Realty booster: Too little, too many pitfalls

Representative image.

The decision to announce Rs 25,000 crore worth of Alternative Investment Fund to revive stalled housing projects may have been welcomed by embattled realtors, but it can have pitfalls at multiple levels: it is too little and may prove to be disastrous for the debt market. 

While the government will act as a sponsor with its Rs 10,000-crore initial contribution to the category-II AIF, SBI and LIC will provide an additional Rs 15,000 crore towards the fund, which will be initially managed by SBI Caps through an escrow account.

It will also be registered with market regulator SEBI and will support all RERA certified projects.

This, in effect, puts the money, most of which will be funded by the investors and policyholders, at high risk – in the hands of the realtors who have already been facing stress in the recent past.

Many of the realtors have been going through insolvency lately.

Of the 2,542 companies that have gone through insolvency proceedings since 2017, 112 have been from the real-estate sector.

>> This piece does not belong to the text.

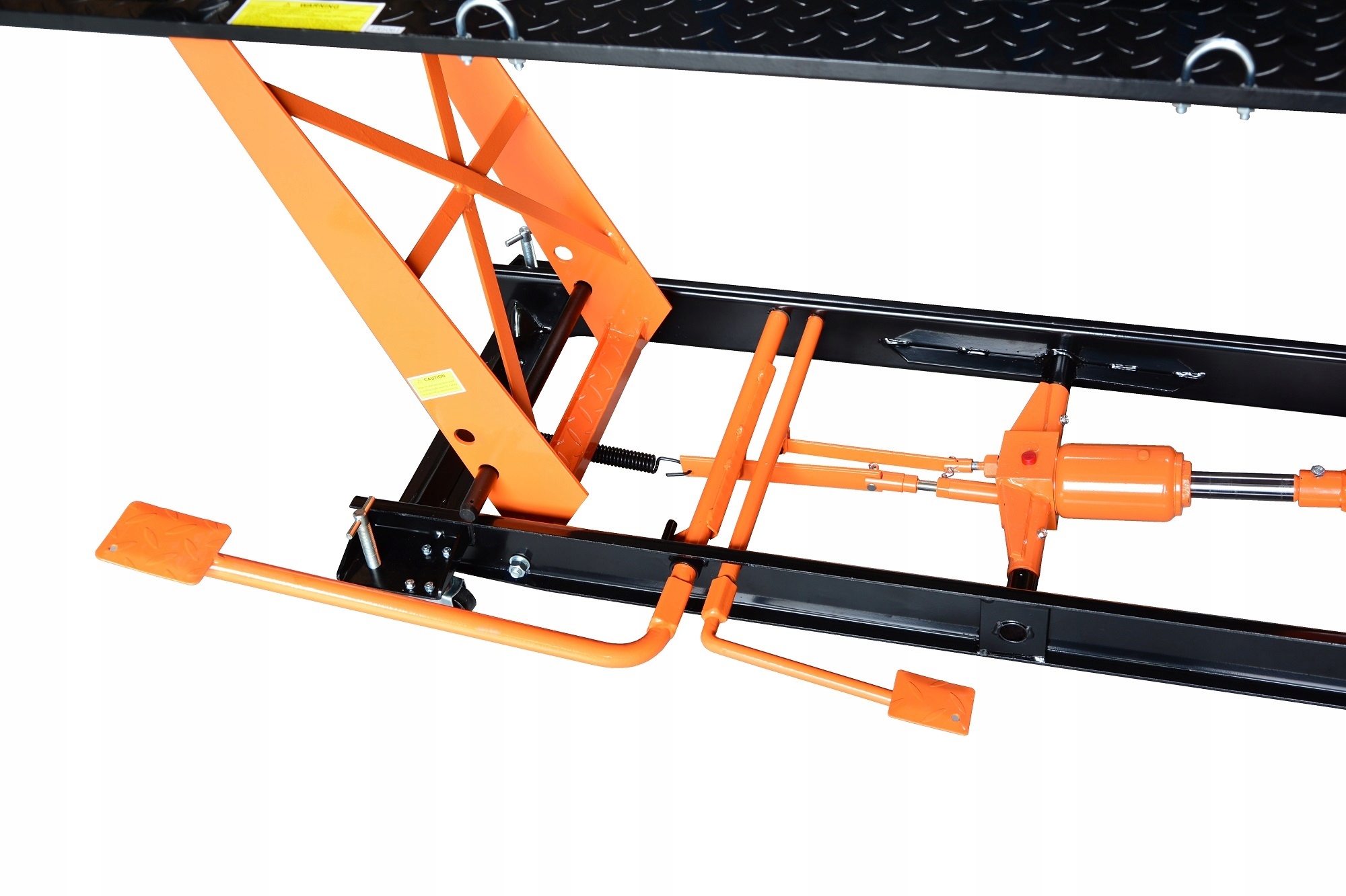 Платформа поднимается нажатием ножного рычага и плавно опускается нажатием второй педали.

Not only this, many of the realtors, who have not been able to finish the projects to date, have been causing a lot of stress on the balance sheets of Indian banks.

This has led to analysts question the government over the fact that they are giving further debt to already stressed sector.

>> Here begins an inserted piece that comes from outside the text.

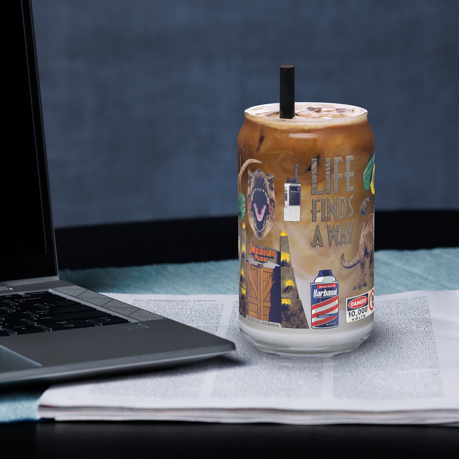 Jurassic Park Icon Collage Can-Shaped Glass

“Easy money is always welcome. That is what you are seeing right now,” an analyst wishing anonymity told DH.

The current package of Rs 25,000 crore is catering to 1,600 stalled projects only. Assuming that at an average these 1,600 projects build 100 units each, it in effect, would benefit 1.6 lakh home-buyers.

The figure makes up only 8.4% of the 19 lakh stalled homes in the top seven cities alone, according to data available with Anarock Property Consultants.

“The Government has limited resources to stretch to realty. Secondly, if we take into consideration the value of loans and bad debts, the amount approved by the Union Cabinet is miniscule.

Taking into account that 90% of the total debt is currently owed by only 10% of the developers, mainly the larger ones, the question remains as to how the Government will ensure that the intended financial boost trickles down to smaller developers,” said Koshy Varghese, MD, Value Designbuild Pvt Ltd.